START Provided data

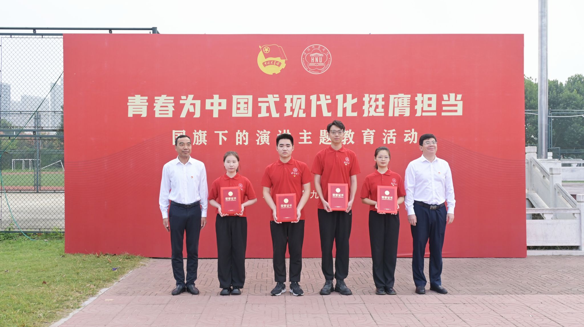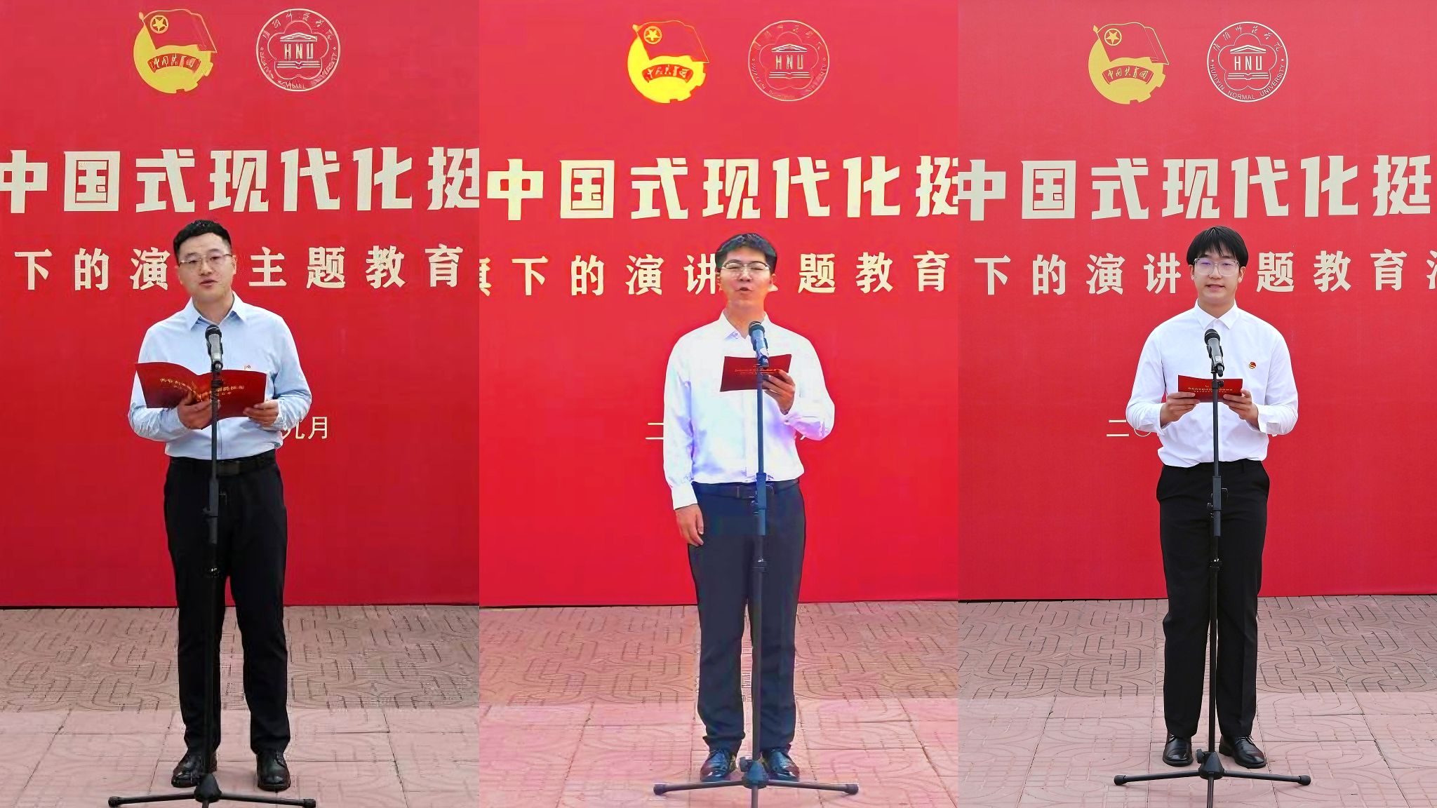 教师代表严玉波用“目标、坚持、担当”三个关键词与同学们分享自己与祖国共奋进的故事。他号召全体青年朋友们秉承坚定的信念,勇敢迎接未来的挑战,用拼搏与智慧,为祖国的繁荣富强贡献力量。文学院学科教学语文2301班韩昊表示,作为一名硕士研究生,要在学术研究中,敢于探索、勇于创新,不断提高自身素质,为祖国的科技进步和创新发展作出自己的努力。计算机科学与技术学院2106班顾许钦,表达了当代大学生要“与祖国同心同德”“与祖国同心同向”“与祖国同心同行”的决心和信念。他号召全校团员青年,用青春告白祖国,在推进强国建设、民族复兴伟业中展现青春作为、彰显青春风采、贡献青春力量。
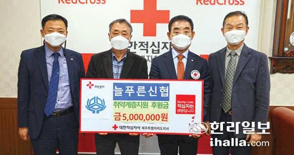 늘푸른신협(이사장 고동환)은 지난 12일 대한적십자사제주특별자치도지사(회장 오홍식)를 방문해 취약계층 지원을 위한 후원금 500만원을 전달했다.
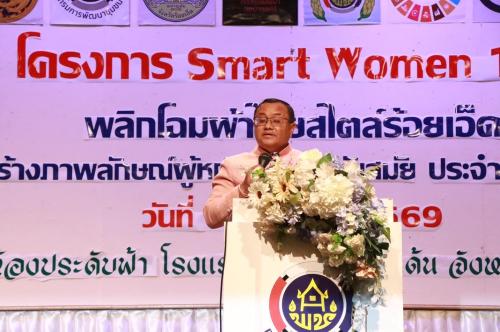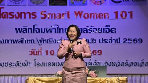 นางนวลจันทร์ ศรีมงคล ผู้ตรวจราชการกรม ปฏิบัติหน้าที่ผู้อำนวยการศูนย์ศึกษาและพัฒนาชุมชนอุบลราชธานี ร่วมขับเคลื่อนพลังสตรี บรรยายพิเศษการดำเนินงานกองทุนพัฒนาบทบาทสตรี ในเวที Smart Women 101 พลิกโฉมผ้าไทยสไตล์ร้อยเอ็ด เสริมพลังสตรีสู่ความทันสมัย เนื่องในวันสตรีสากล 2569

END Provided data

§ Work required:
Transcribe the full listing above exactly as it stands, minus the pictures.

§ Solution to this problem:
 教师代表严玉波用“目标、坚持、担当”三个关键词与同学们分享自己与祖国共奋进的故事。他号召全体青年朋友们秉承坚定的信念,勇敢迎接未来的挑战,用拼搏与智慧,为祖国的繁荣富强贡献力量。文学院学科教学语文2301班韩昊表示,作为一名硕士研究生,要在学术研究中,敢于探索、勇于创新,不断提高自身素质,为祖国的科技进步和创新发展作出自己的努力。计算机科学与技术学院2106班顾许钦,表达了当代大学生要“与祖国同心同德”“与祖国同心同向”“与祖国同心同行”的决心和信念。他号召全校团员青年,用青春告白祖国,在推进强国建设、民族复兴伟业中展现青春作为、彰显青春风采、贡献青春力量。
 늘푸른신협(이사장 고동환)은 지난 12일 대한적십자사제주특별자치도지사(회장 오홍식)를 방문해 취약계층 지원을 위한 후원금 500만원을 전달했다.
 นางนวลจันทร์ ศรีมงคล ผู้ตรวจราชการกรม ปฏิบัติหน้าที่ผู้อำนวยการศูนย์ศึกษาและพัฒนาชุมชนอุบลราชธานี ร่วมขับเคลื่อนพลังสตรี บรรยายพิเศษการดำเนินงานกองทุนพัฒนาบทบาทสตรี ในเวที Smart Women 101 พลิกโฉมผ้าไทยสไตล์ร้อยเอ็ด เสริมพลังสตรีสู่ความทันสมัย เนื่องในวันสตรีสากล 2569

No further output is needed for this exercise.